The listing below holds a line with "Snygg mörkblå sweatshirt" and a line with "Intim nærhed i". Reproduce those two lines exactly, plus everything between them.

Supplied records ::
___
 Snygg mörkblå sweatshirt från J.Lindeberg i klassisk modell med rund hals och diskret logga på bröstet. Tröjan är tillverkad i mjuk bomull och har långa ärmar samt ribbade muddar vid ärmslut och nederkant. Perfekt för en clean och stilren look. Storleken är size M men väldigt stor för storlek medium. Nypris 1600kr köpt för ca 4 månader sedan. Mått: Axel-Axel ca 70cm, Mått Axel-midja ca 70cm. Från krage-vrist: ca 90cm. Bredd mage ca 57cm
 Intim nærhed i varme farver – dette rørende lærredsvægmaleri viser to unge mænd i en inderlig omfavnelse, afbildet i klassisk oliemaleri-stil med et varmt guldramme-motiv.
___
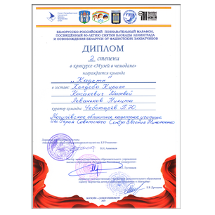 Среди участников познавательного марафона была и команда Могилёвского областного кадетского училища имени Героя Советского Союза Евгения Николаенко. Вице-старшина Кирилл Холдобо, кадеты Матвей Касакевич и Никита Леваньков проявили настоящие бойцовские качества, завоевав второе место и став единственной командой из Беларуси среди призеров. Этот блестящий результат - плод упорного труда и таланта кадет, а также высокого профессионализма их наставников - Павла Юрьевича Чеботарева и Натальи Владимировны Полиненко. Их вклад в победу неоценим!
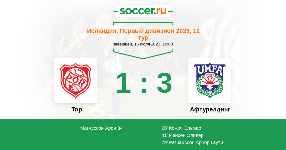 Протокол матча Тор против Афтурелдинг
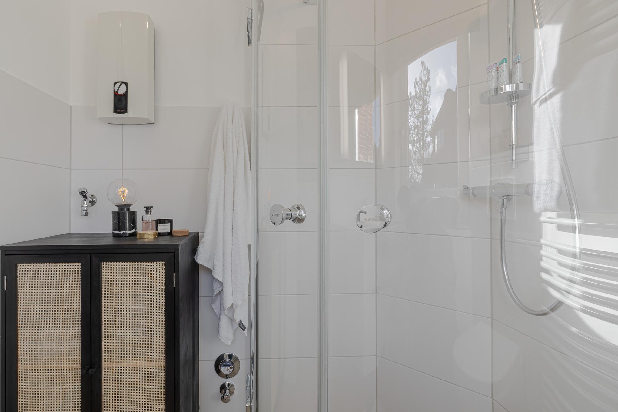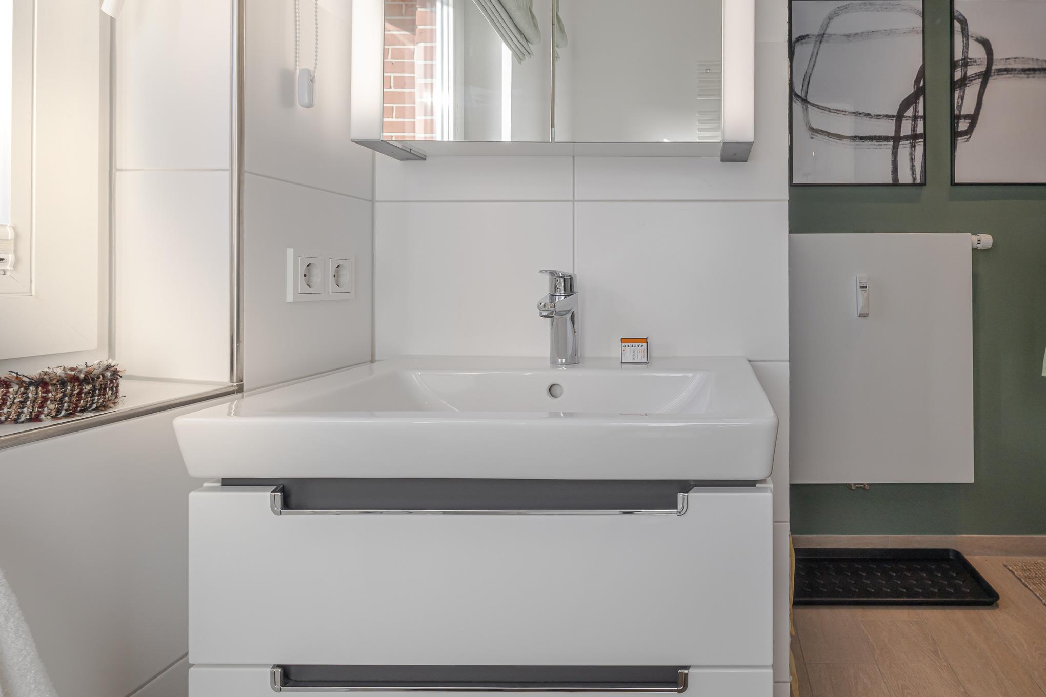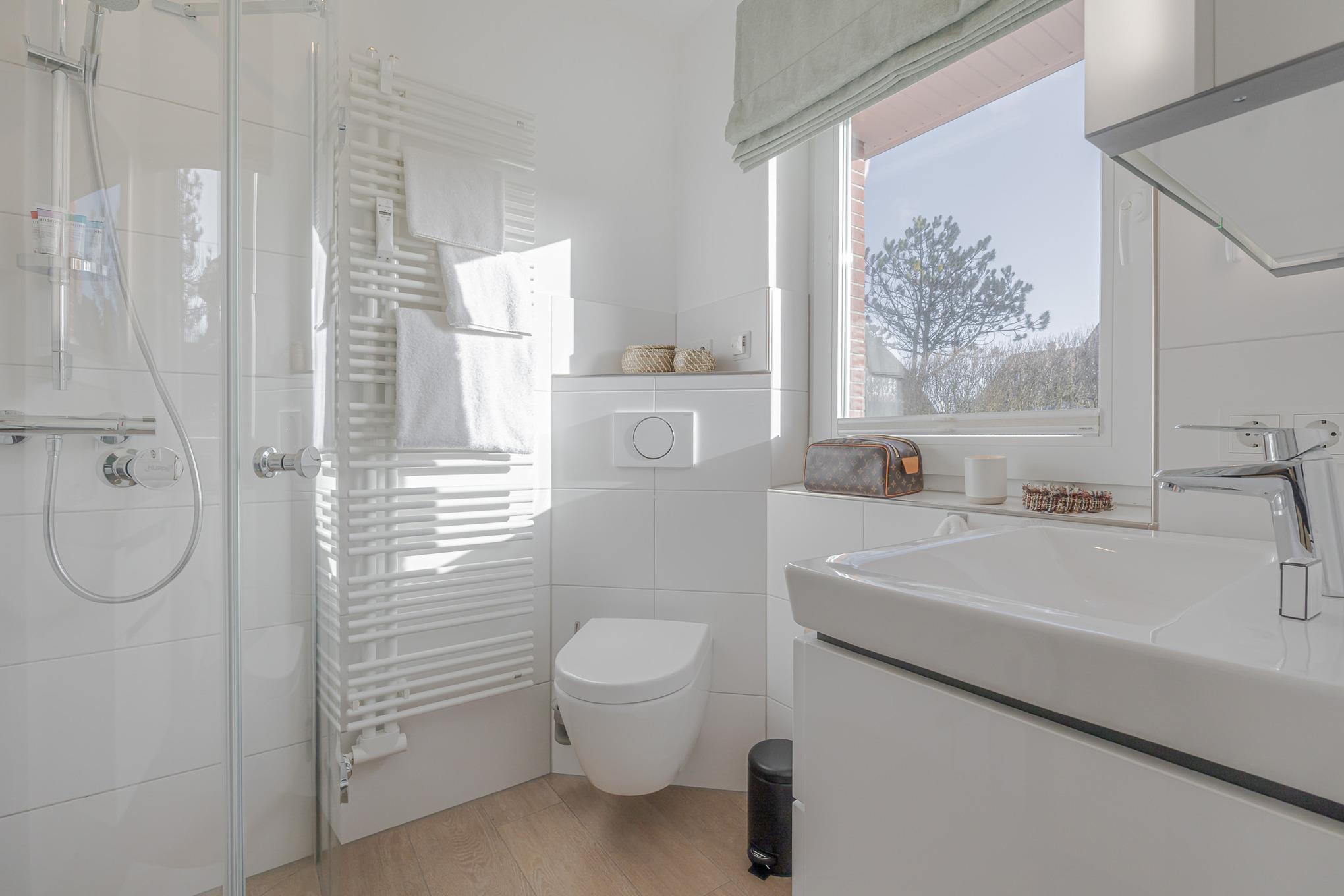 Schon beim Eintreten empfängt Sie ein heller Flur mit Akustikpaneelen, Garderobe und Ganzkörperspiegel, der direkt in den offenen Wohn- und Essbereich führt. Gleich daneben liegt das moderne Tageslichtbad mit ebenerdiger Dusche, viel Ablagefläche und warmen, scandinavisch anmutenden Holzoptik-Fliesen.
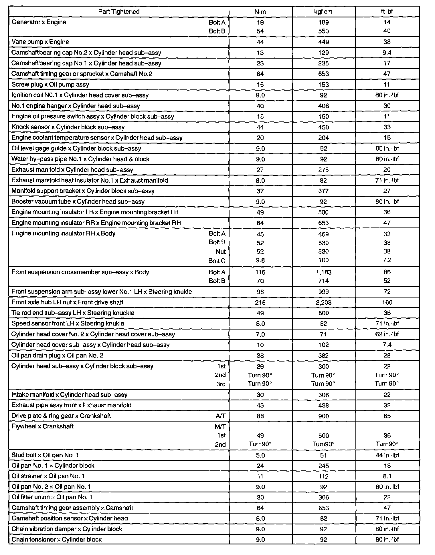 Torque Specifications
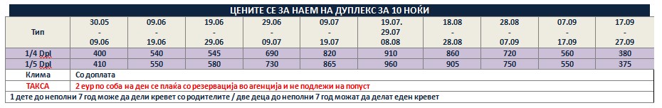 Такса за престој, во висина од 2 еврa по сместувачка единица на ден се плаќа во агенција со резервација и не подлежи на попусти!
___
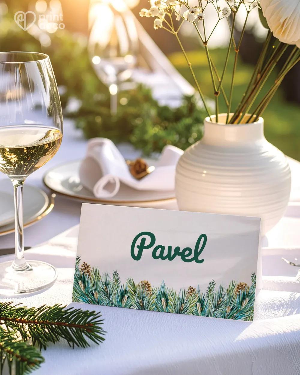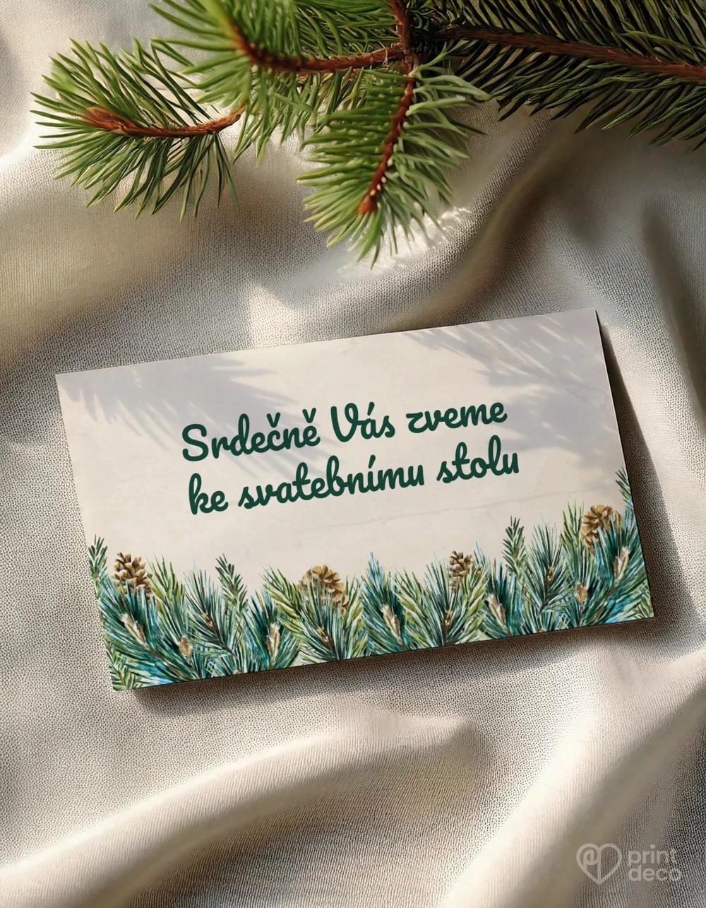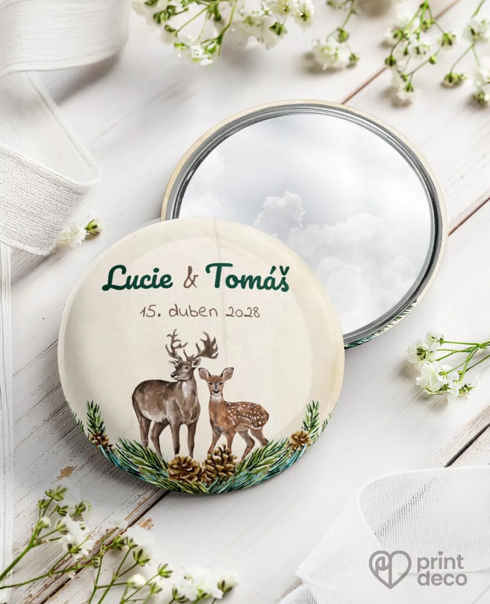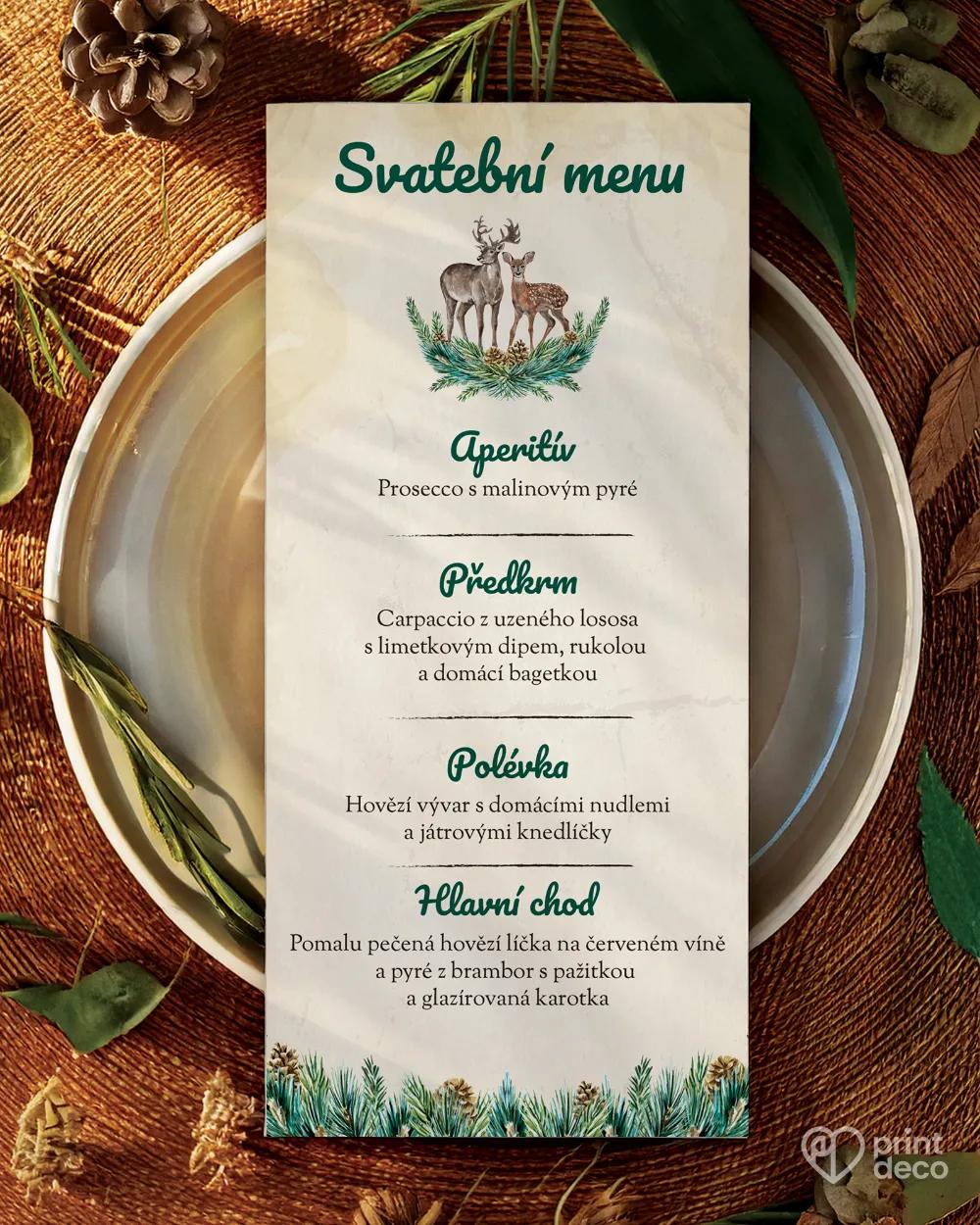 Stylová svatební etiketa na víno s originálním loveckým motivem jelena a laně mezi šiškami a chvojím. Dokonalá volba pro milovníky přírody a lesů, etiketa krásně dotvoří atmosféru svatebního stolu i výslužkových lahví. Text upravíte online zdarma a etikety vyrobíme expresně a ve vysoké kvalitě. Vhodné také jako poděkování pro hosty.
___
Response to the exercise ::
 Snygg mörkblå sweatshirt från J.Lindeberg i klassisk modell med rund hals och diskret logga på bröstet. Tröjan är tillverkad i mjuk bomull och har långa ärmar samt ribbade muddar vid ärmslut och nederkant. Perfekt för en clean och stilren look. Storleken är size M men väldigt stor för storlek medium. Nypris 1600kr köpt för ca 4 månader sedan. Mått: Axel-Axel ca 70cm, Mått Axel-midja ca 70cm. Från krage-vrist: ca 90cm. Bredd mage ca 57cm
 Intim nærhed i varme farver – dette rørende lærredsvægmaleri viser to unge mænd i en inderlig omfavnelse, afbildet i klassisk oliemaleri-stil med et varmt guldramme-motiv.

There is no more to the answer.